Colombia ha recibido más ayuda militar estadounidense que ningún otro país del hemisferio. Hay que recordar que sustancialmente, aunque no totalmente, la ayuda va a la gente que perpetra las atrocidades. El Departamento de Estado acepta que los militares les subcontraten sus atrocidades a sus socios paramilitares. En 1999, mientras todos hablaban de la intervención humanitaria en Kosovo, mientras los Estados Unidos era partícipe de enormes atrocidades dentro de OTAN, trasladaba su participación en atrocidades aún mayores en Colombia… Hay una política muy definida de intervenir y sostener atrocidades cuando es en apoyo de nuestros intereses» [12] .



[1] Esta expresión es utilizada por Foucault, en particular respecto al caso de la prisión que, en su devenir histórico y social, se ha mostrado, no como el lugar apto para la corrección y disciplinarización de los individuos, sino como el medio propicio para el desarrollo y el control de la delincuencia.

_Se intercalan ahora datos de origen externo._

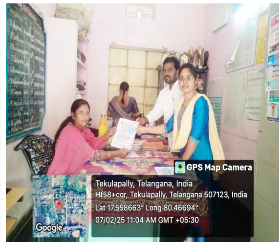
GOVT JR COLLEGE
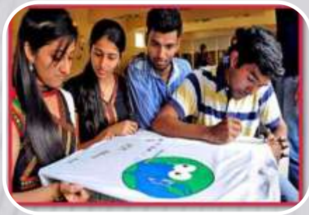
T Shirt Painting
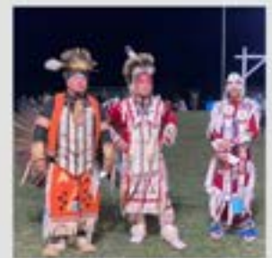
Sr. Men's Traditional & Grass
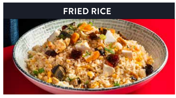
THREE KINDS OF EGGS FRIED RICE Wok fried short grain rice with three kinds of eggs (egg, salted duck egg and century egg).
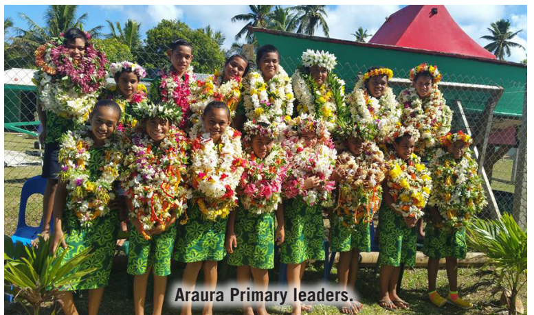
Araura Primary leaders.
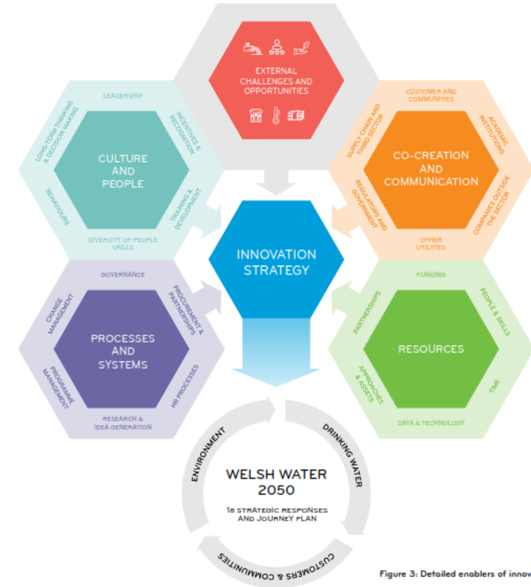
Figure 3: Detailed enablers of innovation
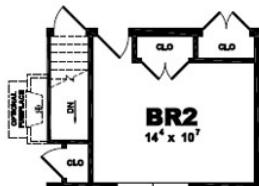
Basement Stair Option
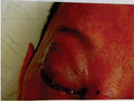
FIGURE 1: Right eye preseptal cellulitis showing severe chemosis with yellowish crust in the eyelids.

Ver el capítulo «Ilegalismos y delincuencia» de Vigilar y castigar, Buenos Aires, Siglo XXI, 2002, pp. 261-299.

[2] Foucault, M. Vigilar y castigar, op. cit., p. 278-280.

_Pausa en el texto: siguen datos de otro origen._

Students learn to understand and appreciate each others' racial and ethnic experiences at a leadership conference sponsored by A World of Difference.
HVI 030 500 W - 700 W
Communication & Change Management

[3] Caotizar: esto es, hacer aparecer los ilegalismos populares como meros actos de vandalismo y no como movimientos y estructuras de carácter político. Por ejemplo: frente al desencadenamiento de una revuelta popular -como la del Bogotazo, que incluso estaba alcanzando ya la estructura militar del país-, se opta por liberar a los prisioneros de las cárceles para hacer que dicha revuelta se caotice y aparezca como un simple acto de barbarie y no prosiga así un espíritu generalizado de «revolución».

[4] Es de notar el modo en que, en Colombia, el gobierno se ha empeñado en amalgamar los grupos subversivos con la población civil de los diferentes movimientos sociales, señalando que, tras el conflicto armado con la insurgencia, la principal ventaja militar de ésta son los vínculos -en forma de complicidad u ocultamiento- que mantiene con esa población civil. Ya a comienzos de los años 80, el entonces ministro de defensa, el General Landazábal Reyes, había emitido el siguiente enunciado: «Si la guerrilla se mueve entre el pueblo como el pez en el agua… hay que quitarle el agua al pez». La idea de asociar la criminalidad, o lo que ahora ponen a proliferar bajo el nombre de «terrorismo», no sólo con el tipo de sujeto subversivo, sino además con lo que supuestamente serían sus bases -los movimientos sociales- ha producido la bien provechosa polarización de la sociedad, negando la multiplicidad de los actores políticos, estigmatizándolos y borrándolos de la escena pública y terrenal, tal y como ocurre además en el manejo de los medios de comunicación imperantes donde sólo se escucha el orden y la orden de un discurso .

[5] Ibíd., p. 282.

[6] Esta expresión es de Gabriel Tarde, sociólogo francés de finales del siglo XIX, y es utilizada por el filósofo italiano Maurizio Lazzarato para explicar cómo se controla la opinión dentro del objeto social denominado «público». Ver Lazzarato, M. «Biopolítica y control de la opinión pública» en La filosofía de la diferencia y el pensamiento menor, Bogotá, Fundación Comunidad-Iesco, 2007, p. 114.

[7] Traducción de un texto anónimo aparecido en la revista francesa Lignes, Nº 33, marzo de 1998, p. 182-183.

[8] Foucault, M. Vigilar y castigar, op. cit., pp. 277-278.

[9] A diferencia de las cruzadas cristianas que a su paso iban sembrando de iglesias la tierra reconquistada, las cruzadas de este país, con mecanismos igual de atroces o quizás aun más, van sembrando a su paso palma africana, hatos de ganado… esas empresas que hacen de esta tierra «un país de propietarios».

[10] Podríamos decir que la «información» o la «comunicación» que pasa por nuestros medios -que por cierto no son «nuestros»- no es ni una cosa ni otra; en realidad, estos no han hecho más que fabricar y realizar una opinión pública, homogeneizándola, codificándola, poniendo cerebros a colaborar.

[11] Foucault citando un extracto de la revista La phalange del 10 de enero de 1837, en Vigilar y castigar, op. cit., p. 296.

[12] Chomsky, Noam. El control de nuestras vidas, entrevista «EE.UU. es el Estado ilegal por antonomasia». Cali: Fica (Fundación para la Investigación y la Cultura), 2002, pp. 82-86.